Extracted data:

··········

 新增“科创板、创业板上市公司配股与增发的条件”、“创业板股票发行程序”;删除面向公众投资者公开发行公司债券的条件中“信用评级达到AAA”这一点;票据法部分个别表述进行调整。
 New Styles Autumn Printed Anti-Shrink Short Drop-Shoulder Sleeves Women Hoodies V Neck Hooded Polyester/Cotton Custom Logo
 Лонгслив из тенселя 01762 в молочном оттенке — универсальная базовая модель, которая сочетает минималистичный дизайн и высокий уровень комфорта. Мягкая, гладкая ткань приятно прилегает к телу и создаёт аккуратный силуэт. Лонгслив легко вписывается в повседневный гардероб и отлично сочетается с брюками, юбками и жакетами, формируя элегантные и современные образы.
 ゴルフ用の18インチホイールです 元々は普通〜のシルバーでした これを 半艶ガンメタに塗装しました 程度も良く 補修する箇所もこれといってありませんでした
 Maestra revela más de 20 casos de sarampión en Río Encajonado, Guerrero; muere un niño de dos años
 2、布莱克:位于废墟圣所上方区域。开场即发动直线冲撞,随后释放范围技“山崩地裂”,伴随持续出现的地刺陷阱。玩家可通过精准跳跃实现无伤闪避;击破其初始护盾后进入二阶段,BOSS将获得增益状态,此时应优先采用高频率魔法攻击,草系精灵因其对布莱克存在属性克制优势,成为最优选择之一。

··········

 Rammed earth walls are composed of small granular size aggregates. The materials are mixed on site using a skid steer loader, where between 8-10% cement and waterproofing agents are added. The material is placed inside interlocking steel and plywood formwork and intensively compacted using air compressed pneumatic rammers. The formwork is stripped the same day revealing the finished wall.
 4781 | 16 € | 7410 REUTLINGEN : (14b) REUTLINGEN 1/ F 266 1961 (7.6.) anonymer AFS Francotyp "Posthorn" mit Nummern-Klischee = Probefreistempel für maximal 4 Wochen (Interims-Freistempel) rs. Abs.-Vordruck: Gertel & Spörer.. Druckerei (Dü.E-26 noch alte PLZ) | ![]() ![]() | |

··········

Retype exactly the lines above, from the one with "Maestra revela más" through the one with "2、布莱克:位于废墟圣所上方", inclusive.

Answer to this exercise:
 Maestra revela más de 20 casos de sarampión en Río Encajonado, Guerrero; muere un niño de dos años
 2、布莱克:位于废墟圣所上方区域。开场即发动直线冲撞,随后释放范围技“山崩地裂”,伴随持续出现的地刺陷阱。玩家可通过精准跳跃实现无伤闪避;击破其初始护盾后进入二阶段,BOSS将获得增益状态,此时应优先采用高频率魔法攻击,草系精灵因其对布莱克存在属性克制优势,成为最优选择之一。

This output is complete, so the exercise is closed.